It’s time for the United Nations to drop its current model for tackling the world’s crises, according to a letter from 100 scientists, teachers, and experts, shared exclusively with The Independent.
The experts call for the United Nations to abandon the “Sustainable Development Goals,” a group of 17 targets adopted in 2015 to tackle global social and environmental problems from hunger to climate change to economic growth.
“If the way modern societies operate cause the problems that the SDGs seek to address, can we be surprised that those same systems are incapable of fixing them?” the letter says.

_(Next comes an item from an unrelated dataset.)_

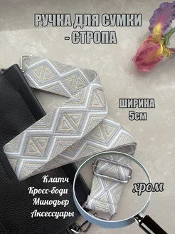 Ручка для сумки серо-бежевый ромб 130*5см хром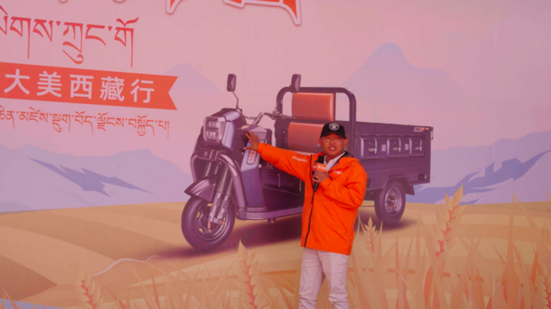 随后,郭沙居委会第一书记扎西加措在致辞中表达了对金彭集团的衷心感谢。他动情地说:“郭沙村所在的乃东区,是‘西藏粮仓’里的明珠。金彭电动三轮车已经成了我们村离不开的好帮手,拉青稞、运果蔬、送孩子,样样都行。它实实在在地帮我们解决了生产生活里的大难题,是真正通往好日子的‘金钥匙’。”

The letter has been approved by researchers from 27 countries, all in personal power and not as representatives of any institution.
The Sustainable Development Goals (SDGs) are based on an ideology that values material and technological progress and prioritizes corporate interests – where “humanity will balance social, economic and environmental issues to progress materially,” Jem Bendell, a sustainability experimenter at the University of Cumbria, warned The Independent via email, citing a recent non-peer studied paper that he authored on the subject.
Since then, it may have been effective for politicians, bureaucrats, and people in the organizations they finance, to conserve an upbeat statement that more technology, equity, and management will unravel both poverty and environmental destruction,” the letter reads.
“However, the evidence from the UN’s own reports show clearly that is merely a convenient myth, and that billions of people would be better served by more sober analysis of the worsening situation,” it adds.